Advice & Guides
Diversity & Inclusion

How to Help Transgender Children

We are not born knowing what it is to be a boy or a girl or with an assigned gender; whether we like pink or blue or cars or dolls, but we are encouraged into a binary from a very early age. If your child begins to continually reject their gender’s stereotypical traits, it can be surprising and sometimes unexpected.
Supporting Transgender Children

Understanding and supporting transgender children through this confusing time will be something that shapes both of you for life. Transgender issues are still widely misunderstood, so approaching support in a holistic and considerate way can help you tackle the unique challenges that you will encounter.

What Is Gender Dysphoria?

What happens when we look in the mirror and our body doesn’t match the image we have of it in our mind? Specifically, gender is not defined by what our physical bodies look like, it’s how we feel on the inside. A person’s biological sex is assigned when we are born and our gender identity comes later when we develop our own sense of self.

Gender dysphoria is a condition where a person’s own gender identity does not match the gender they were assigned at birth. This can cause feelings of upset, discomfort and confusion. They could feel like a female in a male’s body, a male in a female’s body, have no connection with either gender (agender) or feel they are in-between or beyond both genders (non-binary). The NHS have a helpful guide about the condition here.

How Would I Know My Child Is Transgender?

If your young person isn’t comfortable disclosing these feelings outright, there can be some signs to look out for. UK Trans Youth charity Mermaids say that showing non-conforming gender traits can be a sign, ‘along with a persistent, insistent and consistent cross gender identification’.

A child trying to express their identity can come in the form of:

  • Saying that they don’t want to wear clothing specific to their gender
  • Having a preference of /desire to own toys designed for the opposite gender
  • Being uncomfortable having certain styles of haircut
  • Being visibly happier when allowed to do something related to their aspired gender
  • Continually referring to themselves as a different gender

Showing a few of these traits does not mean that your child is definitively trans, but being able to see the signs and trying to keep in tune with their behaviour can help any transition for a child. It is always positive to allow your child to explore these feelings in a safe and supported way.
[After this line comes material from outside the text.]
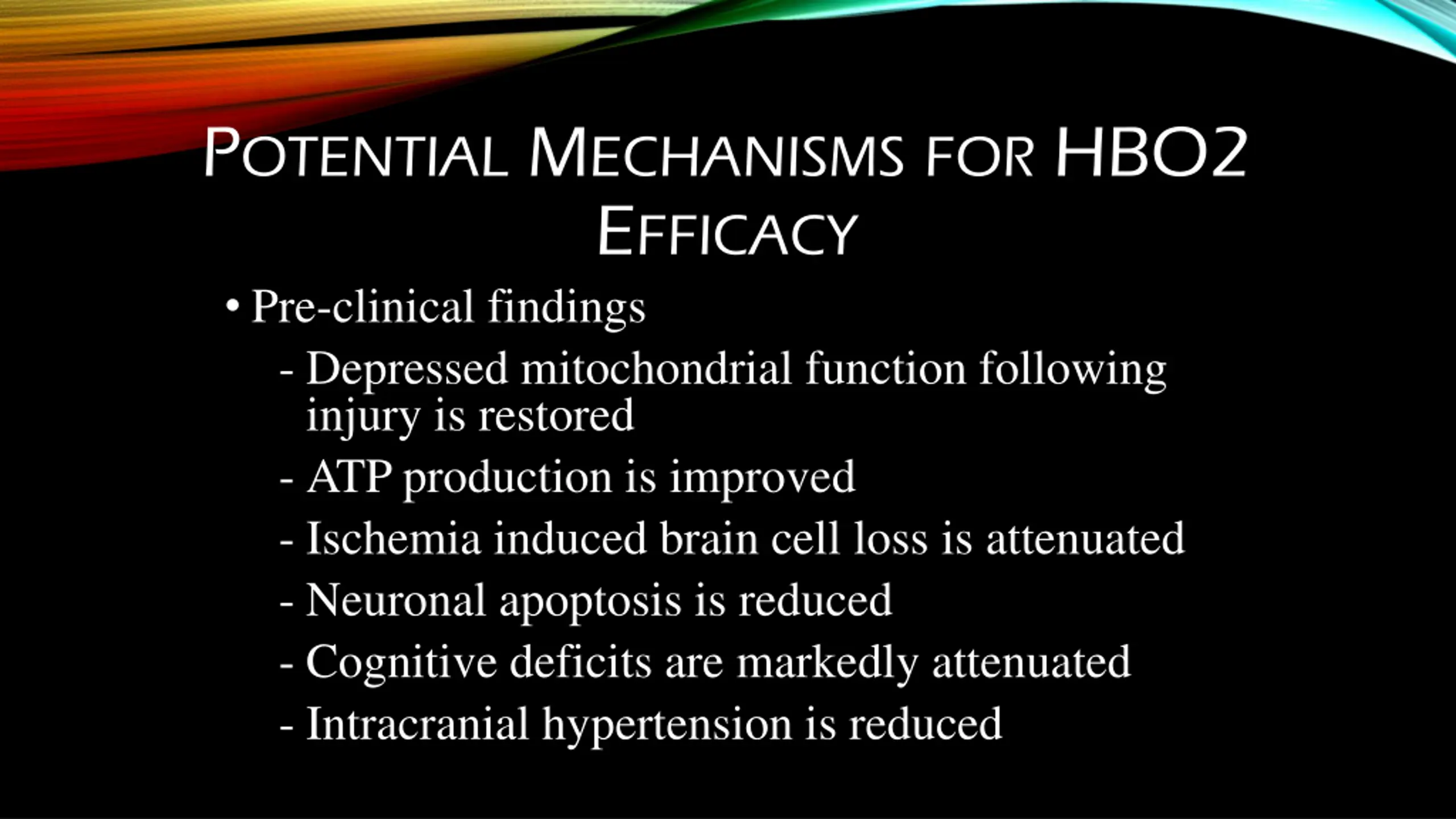 POTENTIAL MECHANISMS FOR HBO2 EFFICACY Pre-clinical findings - Depressed mitochondrial function following injury is restored - ATP production is improved - Ischemia induced brain cell loss is attenuated - Neuronal apoptosis is reduced - Cognitive deficits are markedly attenuated - Intracranial hypertension is reduced

Try not to reject any behaviours that you see, as this may be a difficult time for everyone involved.

The AllSorts Youth Project sate that reaching out for support online is a very good way to find more information on how you can help your child and can often be a positive ‘turning point’. Raising a gender variant young person comes with unique challenges, the most important thing you can do is be there for your child.

Accepting that this is how they feel and showing them the love and care they need at this confusing time will help them to come to terms with their feelings in their own time.


Worried about discrimination and bullying?


Sometimes acknowledging and listening to your child when they open up to you can be the most important first step in navigating this unknown territory. If your young person has expressed to you that they feel different, let them lead the conversation.

  • If your child states that they’d like a different name, try this at home and with family.
  • Asking your young person how you can help to open a dialogue for both of you.
  • If they want to start using different pronouns allow for this, equally using gender neutral pronouns they/them may be preferred.
  • Be open and accommodating at home, let them choose clothing (like wearing dresses) to wear around the house if they aren’t ready to do this in public.

Listening and acting on ways to make your child feel more comfortable is a vital step in understanding and helping their voice to be heard.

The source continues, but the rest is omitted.